- _Work item_
Extract the lines up to and including the one that contains "Men's Los Angeles", starting with the first line of the entries below, and omit the pictures.

- _Data provided_
*** Block opens ***

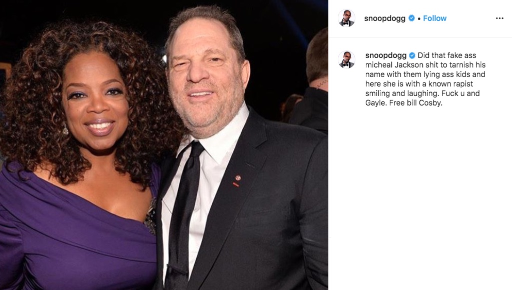 The witch hunt is about to start. No, Snoop, f*** YOU for turning a blind eye for R Kelly and your other abuser friends. You can’t come for Oprah when you’ve been doing the exact same. Being mad at the Kobe situation is one thing but to say “Free Bill Cosby” and racialize the conversation solely from a male perspective, as if black women are not more vulnerable than women of other races to sexual abuse is r*** is male privilege B*******.
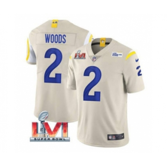 Men's Los Angeles Rams #2 Robert Woods Bone 2022 Super Bowl LVI Vapor Limited Stitched Jersey
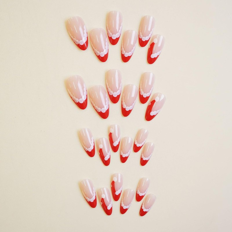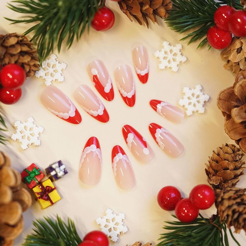 - 【Unique Design】 According to the most popular elements of the Christmas moment, these medium almond press on nails are designed with Santa hat french tip.
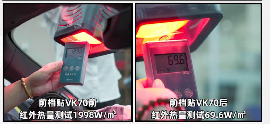 法拉第SF90贴威固VK70前后红外热量测试,贴膜前数值为1998w/㎡,贴完VK70后测试数据为69.6w/㎡,阻隔热量效果非常强。
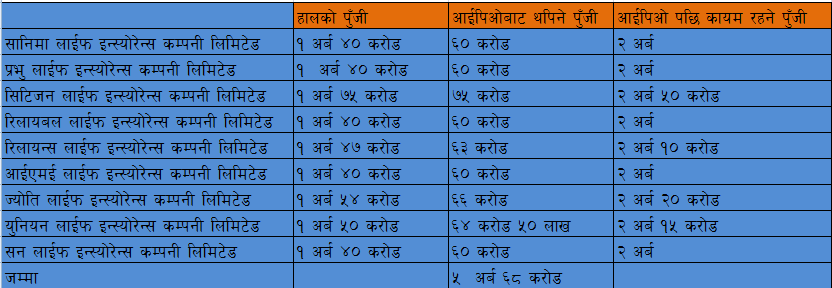 बीमा समितिले जीवन बीमा कम्पनीहरूलाई २ अर्ब पुँजी पुर्याउन भने पनि कुनै पनि नयाँ जीवन बीमा कम्पनीहरूको पुँजी २ अर्ब पुगेको छैन। उनीहरू आइपिओ मार्फत जनतालाई शेयर दिएर २ अर्ब पुँजीको लक्ष्य हासिल गर्ने योजनामा छन्। बिमा समितिको निर्देशन अनुसार जारी पुंजीको कम्तिमा ३० प्रतिशत शेयर सर्बसाधारणलाई बिक्रि गर्नु पर्छ।
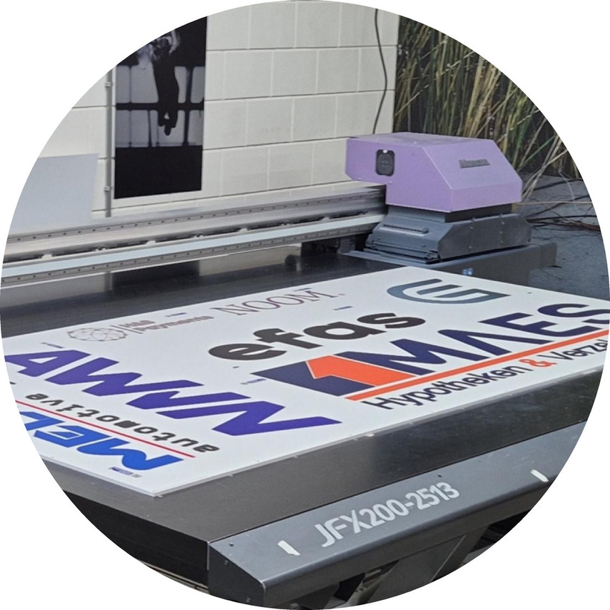Een zeer bijzondere vaste klant werd in 2023 Logoaandemuur.nl, een intitiatief van ontwerper/entrepeneur David de Jong uit Kampen. Voor David verwerken wij maandelijks vele tientallen logo's op diverse materialen. Meest gebruikt is forex 8 millimeter dik. Eerst printen wij de logo's op de gewenste grootte op de plaat op onze Mimaki vlakbedprinter, daarna worden de ligo's zorgvuldig gefreesd op onze Summa snij- en freesmachine.
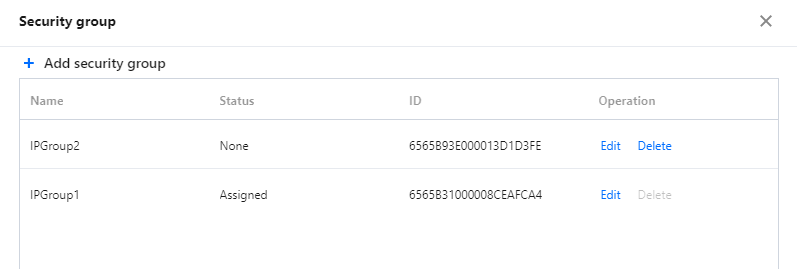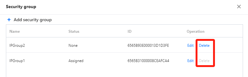 对于状态为未绑定的安全组,可以进行删除操作。对于状态为已绑定的安全组,不能进行删除操作。

*** Block closes ***

- _Written response_
 The witch hunt is about to start. No, Snoop, f*** YOU for turning a blind eye for R Kelly and your other abuser friends. You can’t come for Oprah when you’ve been doing the exact same. Being mad at the Kobe situation is one thing but to say “Free Bill Cosby” and racialize the conversation solely from a male perspective, as if black women are not more vulnerable than women of other races to sexual abuse is r*** is male privilege B*******.
 Men's Los Angeles Rams #2 Robert Woods Bone 2022 Super Bowl LVI Vapor Limited Stitched Jersey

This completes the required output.